2023年7月、GA4(Google Analytics 4)は、従来のユニバーサルアナリティクス(UA)から完全に移行し、Webサイトやアプリのデータ計測のあり方を根本から変えました。
この記事では、GA4の主な特徴5つを詳しく解説し、なぜGA4に変わったのか、その背景についても深掘りします。
GA4完全移行で変わるアクセス解析のカタチ
Googleアナリティクス4は、Googleが提供する次世代のアクセス解析ツールです。
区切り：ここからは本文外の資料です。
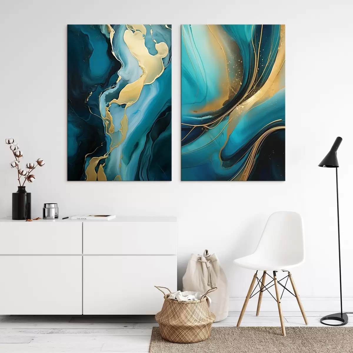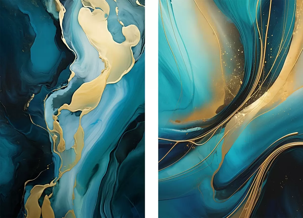 Obraz Tealová tekutá abstrakce s teplými kovovými proudy Č. m00965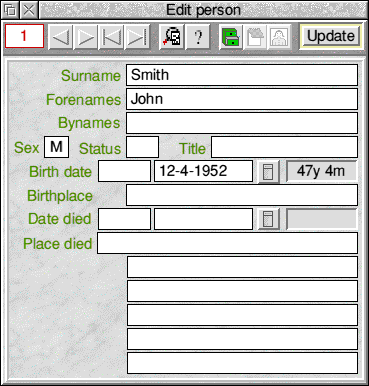 First you will need people to work with. Click the '+' button on the main button bar and the 'Add new person' window will open. The caret will appear in the first field in this window, 'Surname'. Type Smith and press RETURN. The caret will move to the next field, 'Forenames'. Type John and press RETURN again. We shall ignore the 'Bynames' field for the moment, so press RETURN once more to move the caret to the 'Sex' field. Type M for Male, and press RETURN until the caret is in the 'Birth date' field, There are two fields, but for now press RETURN again to bypass the first and move to the second (right hand) field and type 12-4-1952. When this is done and the window looks like the illustration click on 'Add' at the top. If you want to alter any of the fields just click the mouse over the one you want to add to or change so the caret appears there. When you click on 'Add' John Smith's details are entered into the database and he will appear in the main window. You will see that his age is calculated and appears to the right of the 'Date of Birth' field. As we haven't entered a 'Date of Death' he is assumed to be still alive.

これまで多くのウェブサイトで利用されてきたユニバーサルアナリティクス(UA)の後継として開発され、ユーザー行動をより深く、多角的に理解することを目的としています。
GA4は、単なるツールのバージョンアップではなく、データ計測の考え方や機能面において、UAとは大きく異なる特徴を持っています。
GA4とUAの違い
比較項目 | ユニバーサルアナリティクス(UA) | GA4 |
計測単位 | セッション・ページビュー | イベント |
対応環境 | Web中心 | Web+アプリ統合 |
Cookie利用 | サードパーティCookie依存 | ファーストパーティCookie+補完技術 |
分析精度 | 固定レポート中心 | 自由度の高い探索分析+予測モデル |
プライバシー対応 | 弱い(IP収集など) | 強化済(IP匿名化・同意モードなど) |
GA4の主な特徴5選とその詳細
特徴1:イベント中心のデータ計測
GA4では、すべてのユーザー操作(ページ閲覧、クリック、スクロール、購入など)を「イベント」として記録。
これにより、ユーザーの詳細な動きや意図を柔軟に把握できます。
GA4のイベントの種類
GA4のイベントは、大きく分けて以下の4つの種類があります。
イベントの種類 | 概要 | 例 |
自動収集イベント | GA4を導入するだけで、自動的に収集されるイベント。 | 初回訪問、セッション開始、ユーザーエンゲージメント |
拡張計測機能イベント | GA4の管理画面で設定を有効にするだけで、追加で収集されるイベント。 | ページビュー、スクロール、クリック、動画開始、ファイルダウンロード |
推奨イベント | Googleが推奨する、特定の業界やビジネスに共通するイベント。計測することで、GA4のレポートや予測機能がより効果的に活用できる。 | ログイン、カート追加、購入など、ECサイトやゲームアプリ向けに多数 |
カスタムイベント | ビジネスの独自のニーズに合わせて、自由に定義・設定できるイベント。 | 特定のボタンクリック、フォーム送信完了など、推奨イベントにない独自のユーザー行動 |
このイベント中心のデータモデルにより、ユーザーの行動を多角的に分析し、パーソナライズされた体験提供やマーケティング施策の最適化に役立てることが可能になります。
特徴2:プライバシー保護を強化した設計

プライバシー保護規制(GDPR・CCPAなど)への対応として、ファーストパーティCookieベース+IP匿名化を標準化。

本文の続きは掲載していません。